Ein Bogenhanf ist natĂŒrlich auch in der Lage dazu sich eigenstĂ€ndig zu vermehren. Dies geschieht ĂŒber Rhizome, welche der Bogenhanf bei einer guten Pflege bildet. Das Rhizom lĂ€sst einen neuen Trieb heranwachsen, welcher sich direkt neben dem Haupttrieb der Mutterpflanze befindet. 

Mit der Zeit wĂ€chst eine zweite Pflanze herbei, welche jedoch nach wie vor ĂŒber das Wurzelsystem mit der Mutterpflanze verbunden ist. Dort wo die beiden Pflanzen zusammengewachsen sind, kann der Bogenhanf geteilt und von dir in einem neuen Topf kultiviert werden. Wie dies funktioniert, zeigen wir dir jetzt. 

Nehme den Bogenhanf aus dem Untertopf heraus und befreie ihn von der Erde. Sei dabei etwas vorsichtig und streife, die Erde mit Finger Schicht fĂŒr Schicht ab. Sind die Wurzeln freigelegt, kannst du die Verbundstelle deutlich erkennen und die Wurzeln mit einer scharfen, desinfizierten Gartenschere durchtrennen. 

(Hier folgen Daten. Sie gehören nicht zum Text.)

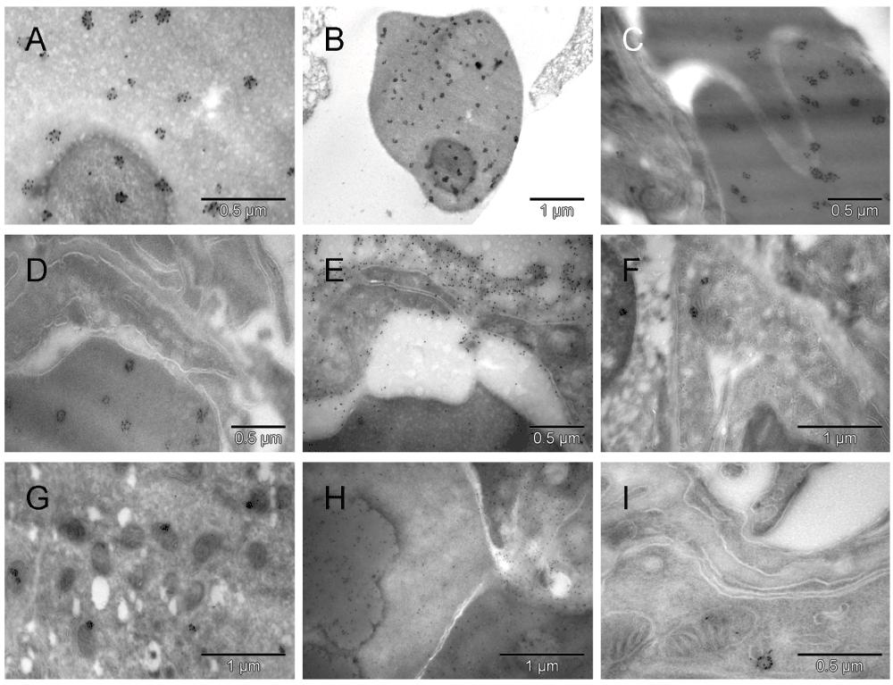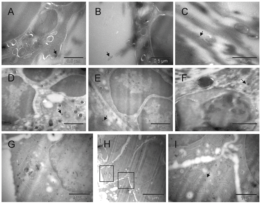 Clusters of the gold label were found on the cell surface, in the nucleus, cytoplasm and mitochondria of cells morphologically fitting the description of erythroblasts [A, B, D & E] and on extracellular collagen fibers produced by them [B & C]. A fragment of cell with mixed phenotype is shown in [F]. The cluster of CD34-labeled giant erythroblasts (potentially leading to myeloplaxes) contained one cell with a double nucleus (right side in [H]). Two regions of [H] are enlarged in [G & I], left and right respectively, to show oversized mitochondria, some converting into peroxisomes [G]. That cluster of cells was bigger than the one shown earlier (Figure 3C), and the presence of mitochondria despite clear commitment to erythrogenesis suggested that here the process was more efficient. Arrows point out some clusters of Au grains.

Im Anschluss setzt du den Bogenhanf in einen Topf deiner Wahl. Wichtig ist natĂŒrlich immer, dass der Bogenhanf in einem Untertopf mit Drainagelöchern gesetzt und in Kakteenerde kultiviert wird. Danach gießt du beide Pflanzen noch einmal leicht an und setzt die normale Pflege fort.

Wie pflege ich die Bogenhanfstecklinge?

Damit die Stecklinge sich erfolgreich anwurzeln lassen, brauchen sie immer wieder einen leicht feuchten Boden, welcher aber sich aber nicht komplett mit Wasser vollsaugen darf. Daher ist es so wichtig, eine sehr gute Drainage im Boden zu haben. Wer keine Kakteenerde, sondern nur Blumenerde zu Hause hat, muss diese mit mindestens 50 % Sand vermischen.

Gebe den Stecklingen alle paar Tage ein wenig Wasser, sodass die Erde zwischen den Wassergaben wieder trocknen kann. Nutze hierfĂŒr eine SprĂŒhflasche, damit du nicht Gefahr lĂ€ufst die Erde zu ĂŒbergießen. DĂŒnger brauchen die Stecklinge vorerst nicht, außer du kultivierst sie in steriler Kokoserde. Diese sollte vor dem Gebrauch aufgedĂŒngt werden. Der Standort ungefĂ€hr dieselben Bedingungen aufweisen wie zuvor.

Kann ich die Stecklinge im Wasser vermehren?

GrundsĂ€tzlich ist es möglich die Stecklinge des Bogenhanfs im Wasser wurzeln zu lassen. Diese Methode ist aber umstĂ€ndlich, zeitaufwendiger und risikoreicher und daher nicht zu empfehlen. FĂŒr unsere interessierten Leser zeigen wir dir trotzdem wie es funktioniert. 

Nachdem du die Stecklinge gestĂŒckelt hast, solltest du die Schnittkante zusĂ€tzlich V-förmig anschneiden, sodass nur die Spitze des Stecklings den Glasboden berĂŒhrt. Dies hilft bei der Wurzelbildung. Steht der Steckling im Wasser, kann es bis zu drei Monate dauern, bis der Steckling ausreichend Wurzel gebildet hat, um in richtige Erde umgetopft zu werden. 

WÀhrend dieser Zeit muss das Wasser mindestens zweimal die Woche gewechselt werden. Wichtig ist auch, dass der Steckling sauber gehalten wird und die schleimigen Schichten von der Schnittkante sÀuberst.